» **The problem**: Please repeat the whole listing exactly, but leave the pictures out.

» **Records shown**:
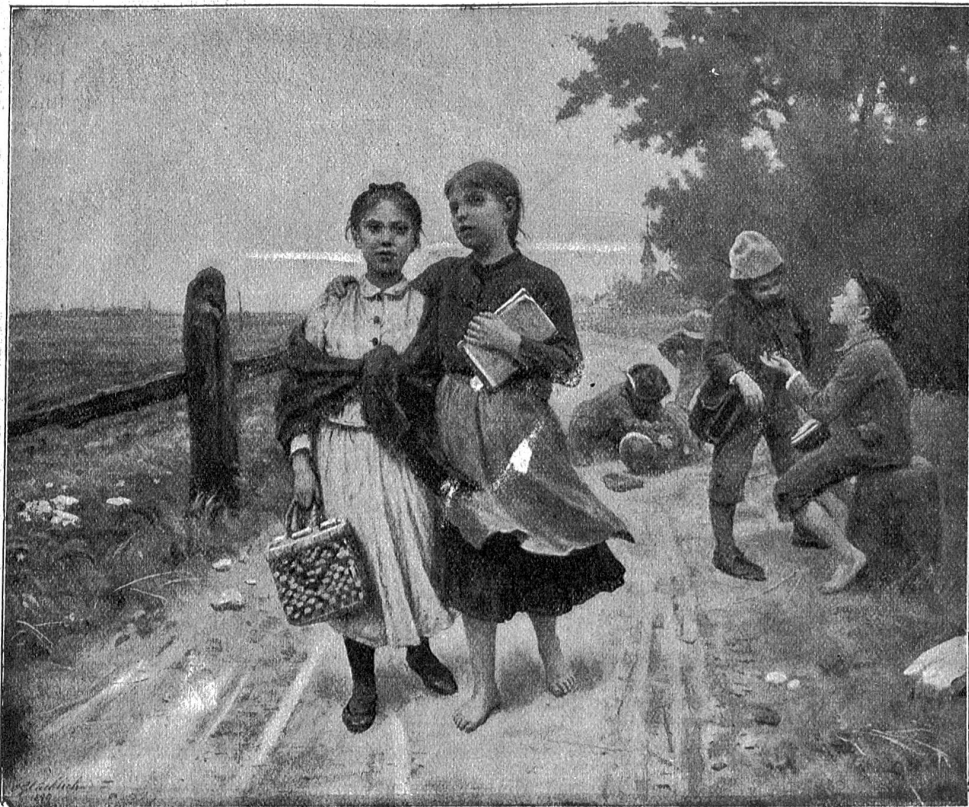
H. Glückl. „Sprohlicher Schulweg“.

„Ich kann mir nicht helfen, ich muß immer an den Sperling im Märchen denken, wie er dem Fuhrmann zu-
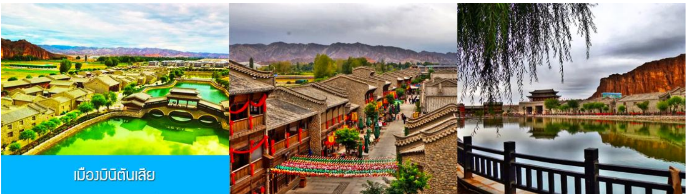
เมืองมรดกดินสี
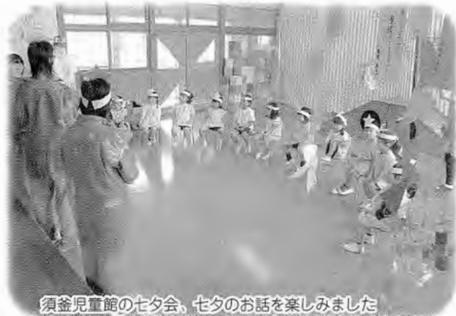
須釜児童館の七夕会、七夕のお話を楽しみました
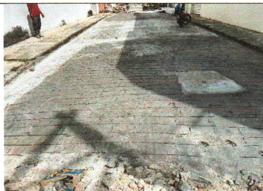
RUA ERCÍLIA COSTA DE OLIVEIRA
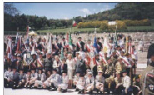
W uroczystościach na Cmentarzu uczestniczyły też – z pocztami sztandarowymi – liczne grupy harcerzy i uczniów. Szczególnie byli widoczni pełniący służbę harcerze, którzy uczestnikom uroczystości roznosili wodę

Złożenie wieńców przed Pomnikiem, wręczenie władzom miasta złotego pierścienia „Golgoty Wschodu” i urny z prochami żołnierzy włoskich z nekropolii kostrzyńskiej.
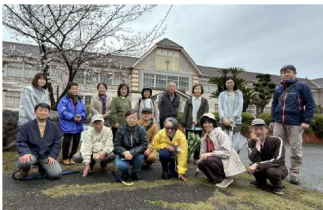
木造校舎を愛する会 運営委員ら 2026.4.4

千葉県立安房南高校旧第一校舎は、1930（昭和5）年に安房高等女学校として建てられ、まもなく100年を迎えます。関東大震災の教訓を得て、女学校にふさわしい装飾を備えた美しい校舎です。コンクリートの建て替えが進んだ1970年代に管理棟のみ保存され、後に県指定文化財となりました。しかし安房高校との統合により使われなくなって18年。私たちはよりよい保存活用を目指して、「安房高等女学校木造校舎を愛する会」を発足し、草刈りなどの環境整備とともに、歴史調査を進めてきました。
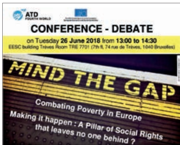
Conférence-débat : Combating Poverty in Europe, le 26 juin 2018, Bruxelles
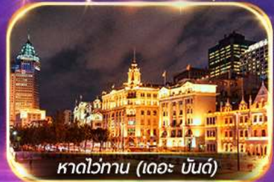
หาดไว่ทาน (เดอะ บันด์)

เที่ยวดิสนีย์แลนด์เต็มวัน (รวมรถรับ-ส่ง)

» **Exercise output**:
H. Glückl. „Sprohlicher Schulweg“.

„Ich kann mir nicht helfen, ich muß immer an den Sperling im Märchen denken, wie er dem Fuhrmann zu-
เมืองมรดกดินสี
須釜児童館の七夕会、七夕のお話を楽しみました
RUA ERCÍLIA COSTA DE OLIVEIRA
W uroczystościach na Cmentarzu uczestniczyły też – z pocztami sztandarowymi – liczne grupy harcerzy i uczniów. Szczególnie byli widoczni pełniący służbę harcerze, którzy uczestnikom uroczystości roznosili wodę

Złożenie wieńców przed Pomnikiem, wręczenie władzom miasta złotego pierścienia „Golgoty Wschodu” i urny z prochami żołnierzy włoskich z nekropolii kostrzyńskiej.
木造校舎を愛する会 運営委員ら 2026.4.4

千葉県立安房南高校旧第一校舎は、1930（昭和5）年に安房高等女学校として建てられ、まもなく100年を迎えます。関東大震災の教訓を得て、女学校にふさわしい装飾を備えた美しい校舎です。コンクリートの建て替えが進んだ1970年代に管理棟のみ保存され、後に県指定文化財となりました。しかし安房高校との統合により使われなくなって18年。私たちはよりよい保存活用を目指して、「安房高等女学校木造校舎を愛する会」を発足し、草刈りなどの環境整備とともに、歴史調査を進めてきました。
Conférence-débat : Combating Poverty in Europe, le 26 juin 2018, Bruxelles
หาดไว่ทาน (เดอะ บันด์)

เที่ยวดิสนีย์แลนด์เต็มวัน (รวมรถรับ-ส่ง)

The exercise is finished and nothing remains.